Так продолжалось все «темные века», когда существование человека было скудным и все его силы тратились на выживание. Как я уже писал в исторической главе, возрождение Любви произошло на фоне повышения уровня жизни и культуры в Окситании, самой развитой области тогдашней Европы. И повсюду, где жизнь становилась чуть свободнее, комфортнее, спокойнее, Любовь немедленно поднимала голову. Одновременно с этим начинало падать значение религии, церкви, Веры. И, в общем, понятно почему.
Религиозность изначально порождается страхом, неуверенностью. Когда человек не понимает законов окружающего мира и потому не умеет противостоять опасностям, остается только надеяться на чудо, на высшую силу, которая оборонит и спасет от беды. Чем тяжелее и страшнее жизнь, тем сильнее Вера. Однако смысл прогресса состоит в том, что люди понемногу начинают разбираться в устройстве природы и общества, это придает уверенности и смелости. Ведь на уровне психики одного человека происходит то же самое: кто трясется от страха, тот ни эмоционально, ни физически для Любви не годен.
Церковь была совершенно права, когда относилась к Любви с подозрительностью и враждебностью. В сердце не могут равноправно существовать две любви – одной придется потесниться и уступить первенство. С точки зрения религии, человек, всей душой Любящий другого человека, обкрадывает любовь к Богу. Прекрасная в своей искренности Элоиза очень точно формулирует эту истину в письме к Абеляру: «Во всякую пору моей жизни вплоть до нынешней, видит Бог, я больше боялась обидеть тебя, нежели Его, и старалась угодить тебе больше, чем Ему». И в этом вся суть Любви.
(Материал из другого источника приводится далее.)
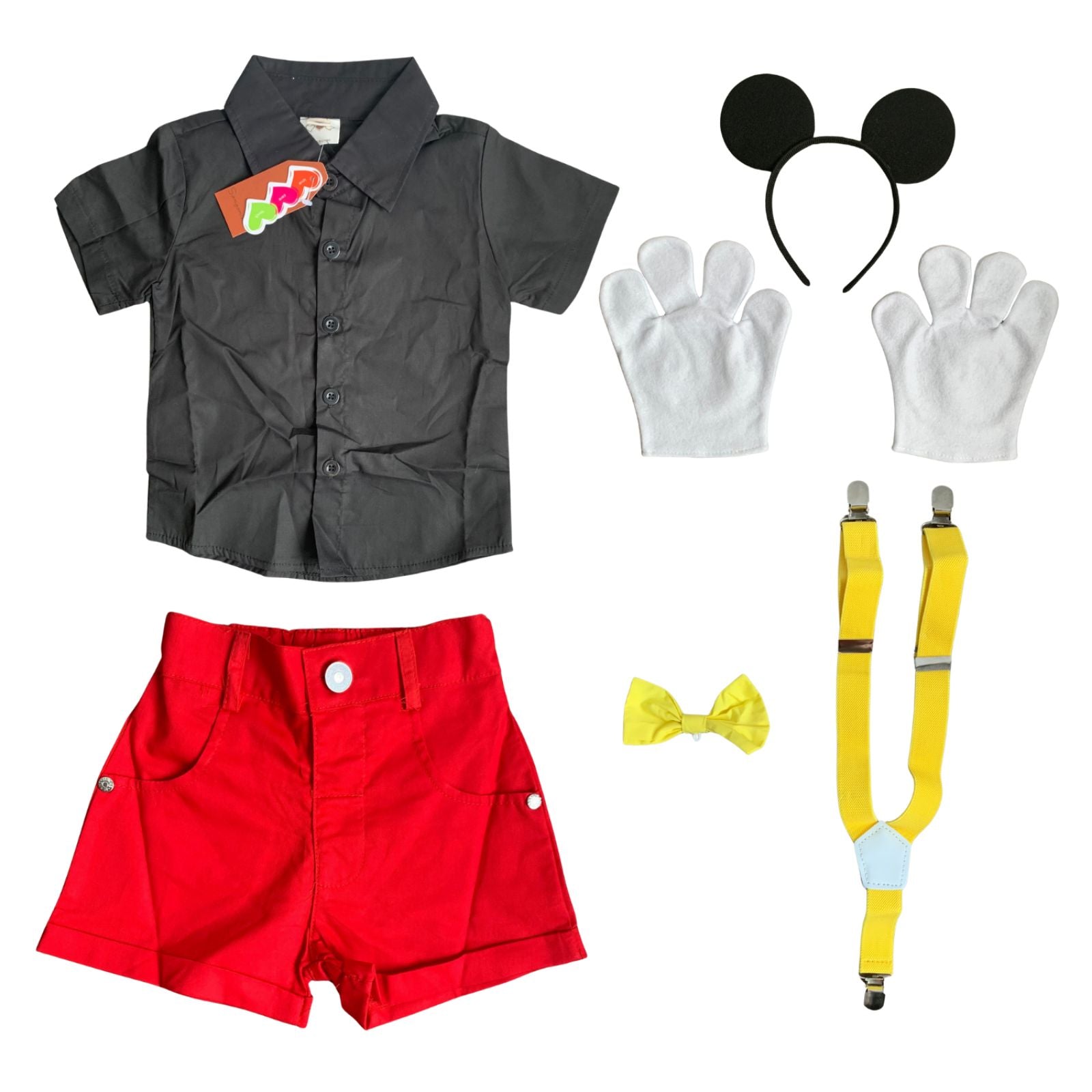 Kostüm Mickey Mouse, Maus Ohren Haarreif und Handschuhe, Lito Angels, 80 (Brustumfang 57 cm, Schulterumfang 23,5 cm, Taillenumfang der Hose 42-51 cm, Hemdlänge 37 cm, Hosenlänge 21,5 cm).

Неслучайно в Библии отступление от единобожия и плотский грех именуются одним и тем же словом «блуд». Это и есть блуд – заблуждение, измена. Но и с позиции Любви погружение в религию – «блуд». Когда Абеляр прекращает переписку с Элоизой, он изменяет ей с Богом.
Агапе и эрос не то чтобы вовсе несовместимы, но сильно мешают друг другу. Именно поэтому католическая церковь настаивает на целибате, а все святые угодники так подчеркнуто асексуальны. Впрочем, то же можно сказать о любом подвижнике, пусть даже и атеисте, но верящем в некую сверхидею, исполняющую для него роль религии – например, в построение земного рая и облагодетельствование человечества. Кто умеет любить всех, не умеет по-настоящему любить никого в отдельности. Верно, разумеется, и обратное: дар большой Любви подразумевает ослабленную способность к филосу.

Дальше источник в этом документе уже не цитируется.